# [Activity]
Write out the records beneath this line exactly as they appear, minus any images.

[Stored items from a collection]
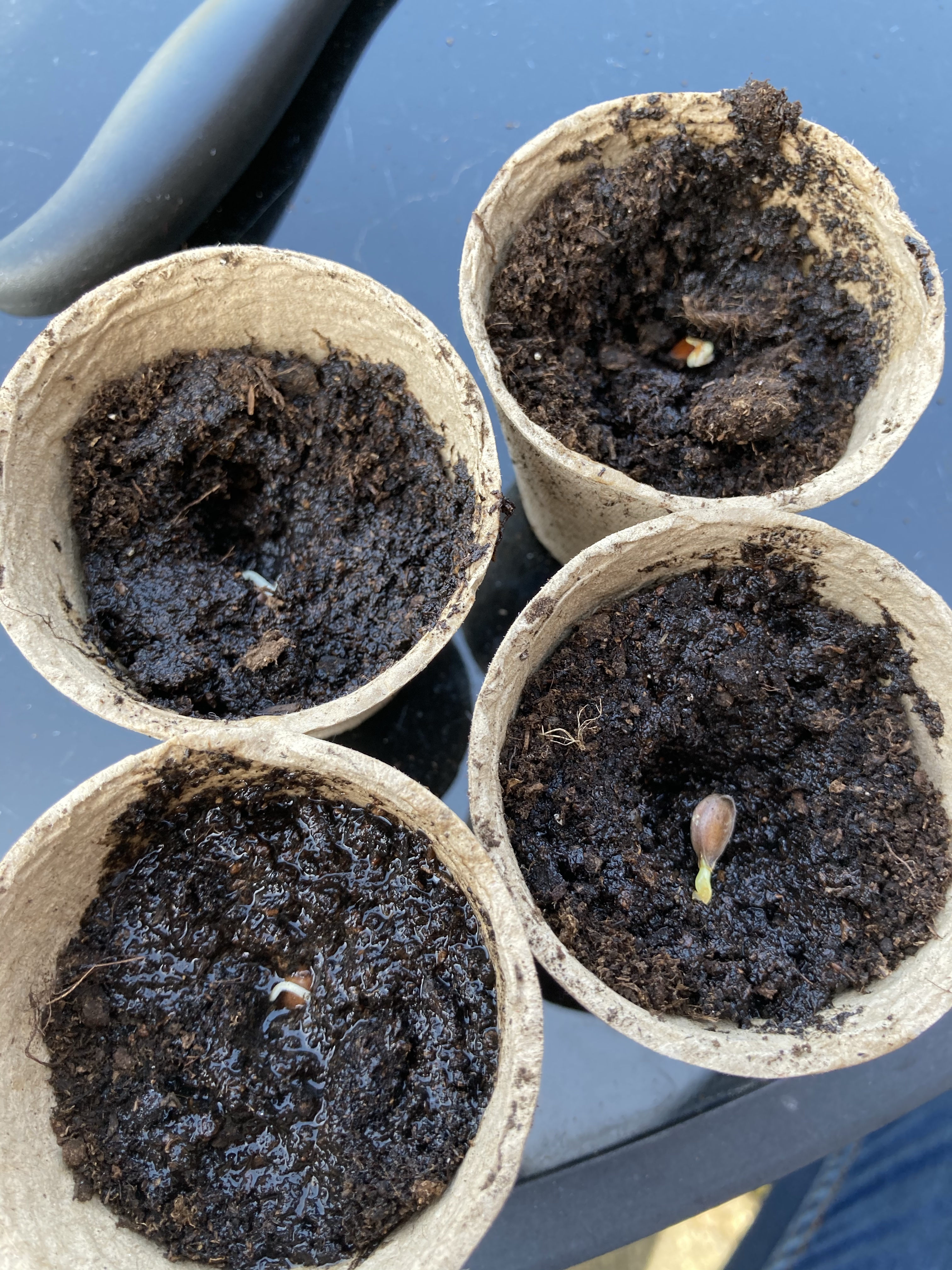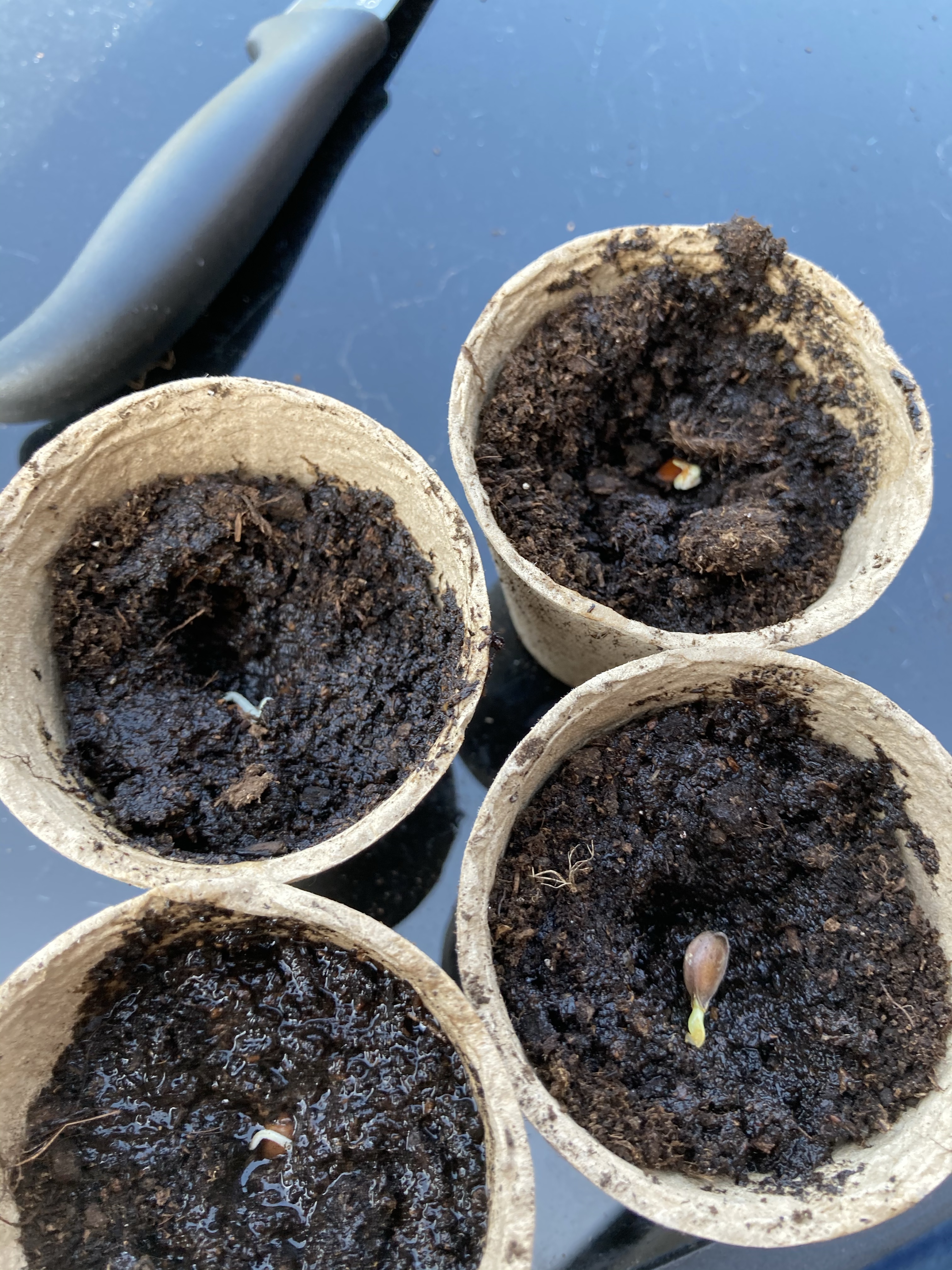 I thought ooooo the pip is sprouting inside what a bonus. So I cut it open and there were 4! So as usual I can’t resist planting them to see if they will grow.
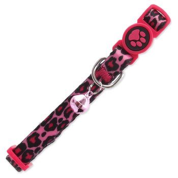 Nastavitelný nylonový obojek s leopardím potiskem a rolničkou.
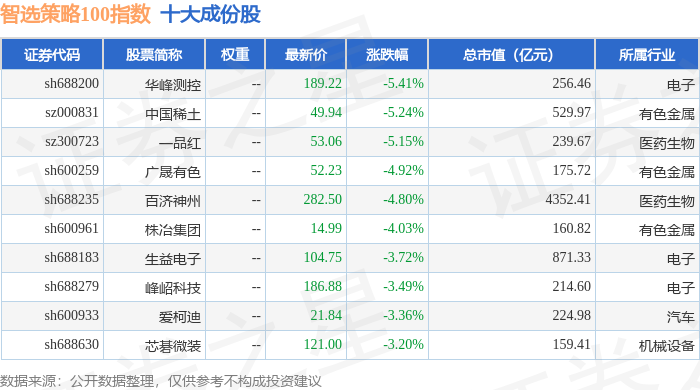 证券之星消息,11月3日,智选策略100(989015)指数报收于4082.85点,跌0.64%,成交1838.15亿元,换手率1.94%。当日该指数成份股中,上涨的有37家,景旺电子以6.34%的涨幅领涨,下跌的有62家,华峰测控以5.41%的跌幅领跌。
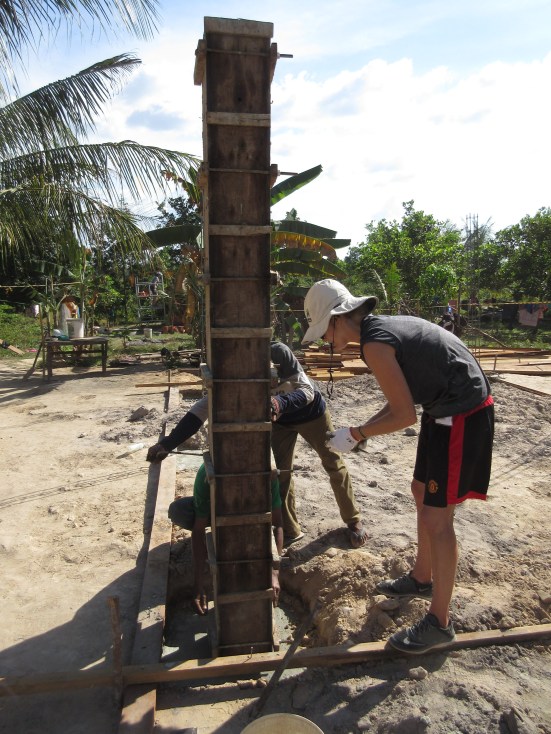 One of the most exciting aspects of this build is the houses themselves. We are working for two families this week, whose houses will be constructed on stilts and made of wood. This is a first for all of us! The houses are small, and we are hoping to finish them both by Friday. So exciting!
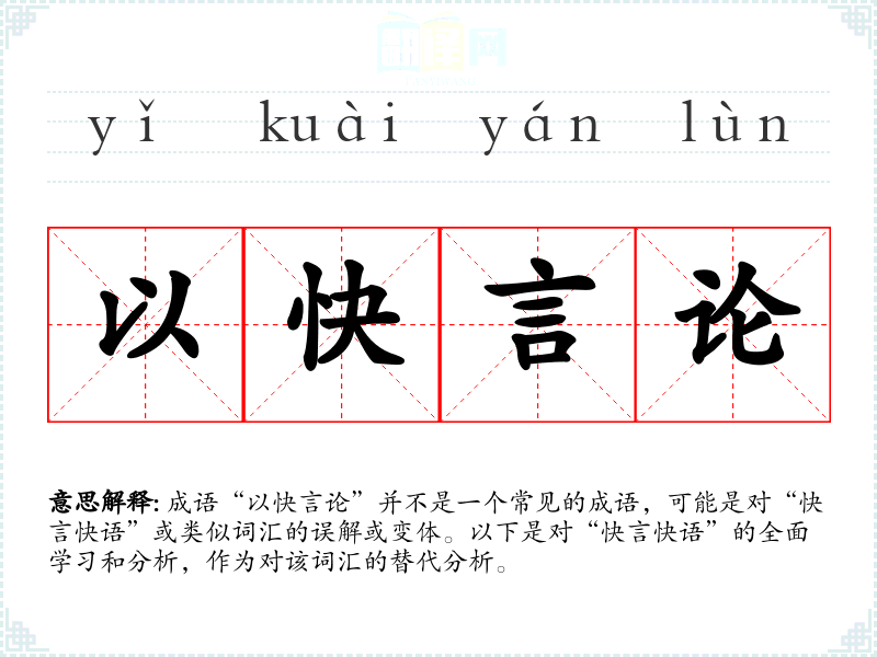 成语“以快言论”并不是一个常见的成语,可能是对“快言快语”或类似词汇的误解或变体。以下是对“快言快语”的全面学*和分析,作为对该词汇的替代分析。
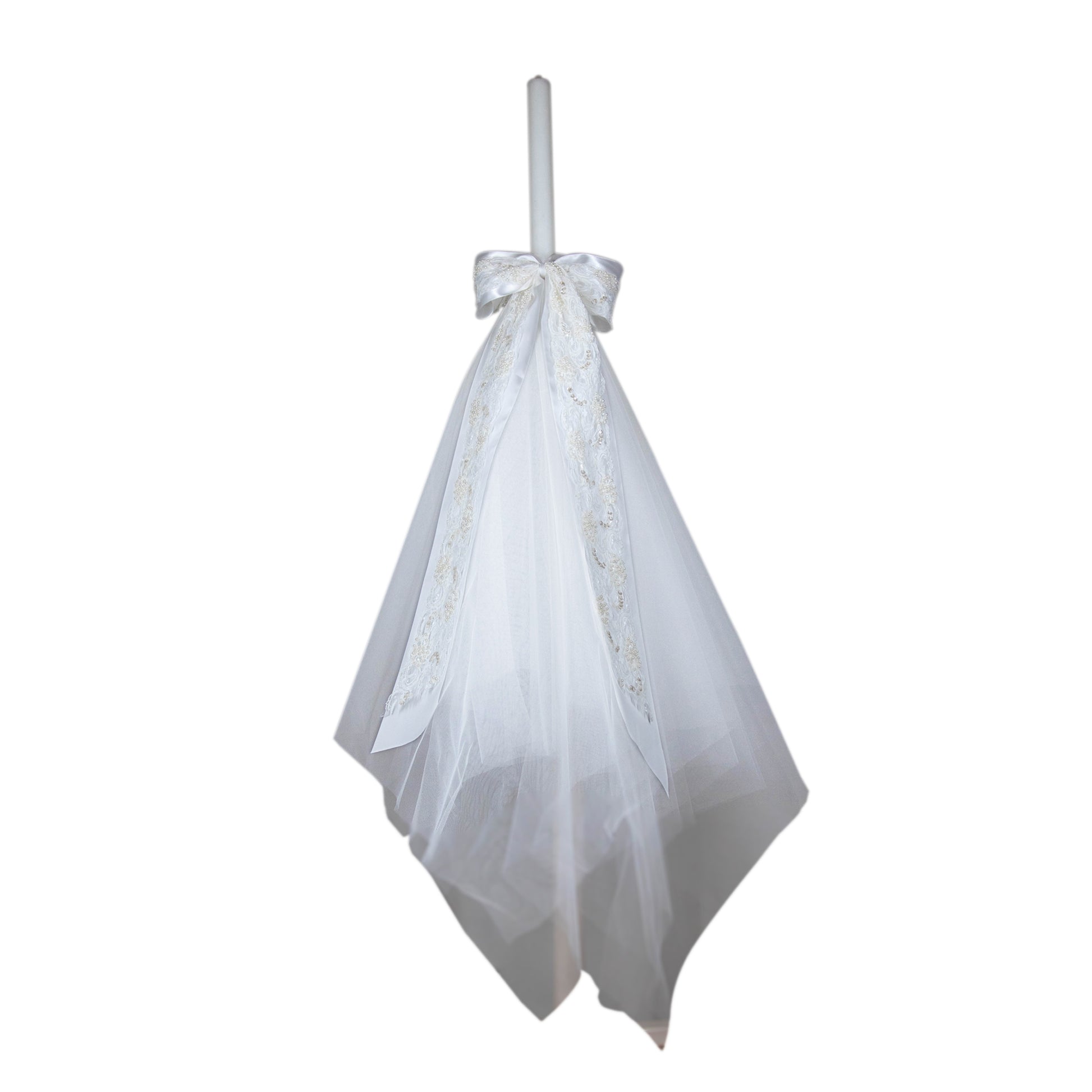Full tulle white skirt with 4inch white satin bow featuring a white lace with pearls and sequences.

# [Answer box]
 I thought ooooo the pip is sprouting inside what a bonus. So I cut it open and there were 4! So as usual I can’t resist planting them to see if they will grow.
 Nastavitelný nylonový obojek s leopardím potiskem a rolničkou.
 证券之星消息,11月3日,智选策略100(989015)指数报收于4082.85点,跌0.64%,成交1838.15亿元,换手率1.94%。当日该指数成份股中,上涨的有37家,景旺电子以6.34%的涨幅领涨,下跌的有62家,华峰测控以5.41%的跌幅领跌。
 One of the most exciting aspects of this build is the houses themselves. We are working for two families this week, whose houses will be constructed on stilts and made of wood. This is a first for all of us! The houses are small, and we are hoping to finish them both by Friday. So exciting!
 成语“以快言论”并不是一个常见的成语,可能是对“快言快语”或类似词汇的误解或变体。以下是对“快言快语”的全面学*和分析,作为对该词汇的替代分析。
Full tulle white skirt with 4inch white satin bow featuring a white lace with pearls and sequences.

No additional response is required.